Solar market study forecasts that prices and profits will remain robust through 2010.
All eyes are on the solar market, watching to see when supplies will meet growing demand and when prices will tumble to a point where solar is no longer an “alternative” energy. A recent study by Photon Consulting of Boston titled “Detailing Demand: Where Will All the Volume Go?” forecasts that supplies throughout the global market will grow to more than 23 GW by 2010 and that demand will hold steady, triggering a price reduction of about 20 percent compared with 2007 rates.
A recent Photon Consulting report forecasts that factory-gate module pricing will drop to close to $3 per watt by 2010, with system prices overall dropping nearly $2 per watt.
Analysts Chris Porter and Michael Rogol base their conclusions on the fact that current demand is outstripping supply and that governments are putting policies into place to encourage further growth. In addition, downstream cost reductions in emerging markets also will bring down prices. The authors indicate that system prices are higher in many emerging solar markets than in more established ones because customers in these newer markets are more expensive to serve. Regulatory processes are less developed, for example, and a greater level of customer education is required. Future improvements will lower the cost of serving these customers – and, thus, prices.
Incentives fueling growth
Governmental incentives and grid price increases are fueling strong growth in North America, Spain, Italy and South Korea, which collectively saw an increase in installations from 300 MW in 2006 to more than 800 MW in 2007. And while Germany and Japan still lead in installations, with 44 percent of modules worldwide, initial growth rates in those two countries are beginning to decline.
Demand in North America is expected to grow to nearly 5 GW in installations annually, assuming that policy support holds steady, that grid prices continue to rise, and that cost and price reductions are found industry-wide. Not surprisingly, however, the greatest growth will take place where the strongest feed-in tariff markets are – currently, South Korea and across southern Europe.

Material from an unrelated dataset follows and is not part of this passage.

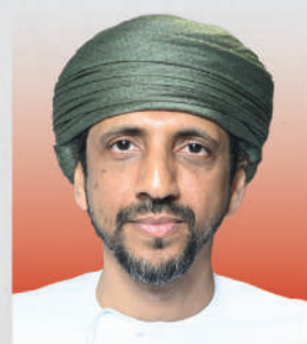
السيد إبراهيم بن سعيد البوسعيد وزير التراث والسياحة

Factory-gate module pricing declined by 6 percent in 2007 to $3.78 per watt, which was attributed in part to price drops in maturing markets coupled to a growing interest in lower-cost thin-film modules. Prices of both modules and systems will drop in more established markets as policy support declines, and demand will shift to markets with relatively higher-priced modules. This change will lead to a global weighted average factory-gate module price of $3.03 per watt in 2010, bringing solar even closer to grid parity in many markets around the world.